All of lore.kernel.org
 help / color / mirror / Atom feed
From: Josef Bacik <josef@toxicpanda.com>
To: Amir Goldstein <amir73il@gmail.com>
Cc: kernel-team@fb.com, linux-fsdevel@vger.kernel.org, jack@suse.cz,
	brauner@kernel.org
Subject: Re: [PATCH 10/10] fsnotify: generate pre-content permission event on page fault
Date: Mon, 29 Jul 2024 13:11:20 -0400	[thread overview]
Message-ID: <20240729171120.GB3596468@perftesting> (raw)

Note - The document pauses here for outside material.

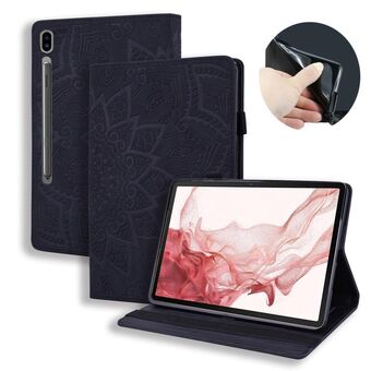For Samsung Galaxy Tab S10 Ultra / S9 Ultra Tree Life Embossed Rotation Leather Tablet Case(Black)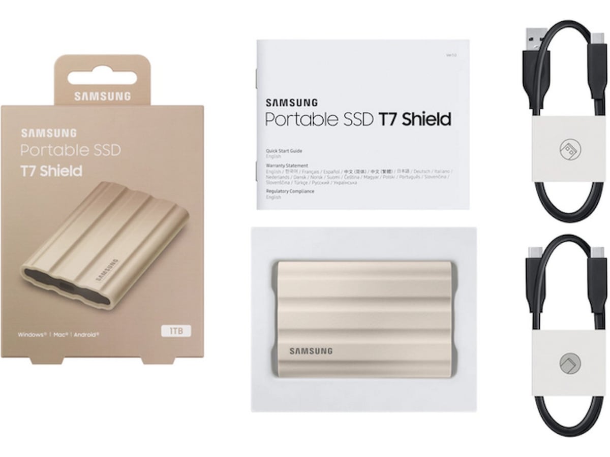 T7 Shield er kompatibel med PC, Mac, Android-enheter, spillkonsoller og mer*. Inkludert i esken er USB Type C-til-C- og Type C-til-A-kabler** for ekstra bekvemmelighet.

In-Reply-To: <CAOQ4uxgXEzT=Buwu8SOkQG+2qcObmdH4NgsGme8bECObiobfTQ@mail.gmail.com>

On Thu, Jul 25, 2024 at 11:19:33PM +0300, Amir Goldstein wrote:
> On Thu, Jul 25, 2024 at 9:20 PM Josef Bacik <josef@toxicpanda.com> wrote:
> >
> > FS_PRE_ACCESS or FS_PRE_MODIFY will be generated on page fault depending
> > on the faulting method.
> >
> > This pre-content event is meant to be used by hierarchical storage
> > managers that want to fill in the file content on first read access.
> >
> > Signed-off-by: Josef Bacik <josef@toxicpanda.com>
> > ---
> >  fs/notify/fsnotify.c             | 13 +++++++++
> >  include/linux/fsnotify_backend.h | 14 +++++++++
> >  mm/filemap.c                     | 50 ++++++++++++++++++++++++++++----
> >  3 files changed, 71 insertions(+), 6 deletions(-)
> >
> > diff --git a/fs/notify/fsnotify.c b/fs/notify/fsnotify.c
> > index 1ca4a8da7f29..435232d46b4f 100644
> > --- a/fs/notify/fsnotify.c
> > +++ b/fs/notify/fsnotify.c
> > @@ -28,6 +28,19 @@ void __fsnotify_vfsmount_delete(struct vfsmount *mnt)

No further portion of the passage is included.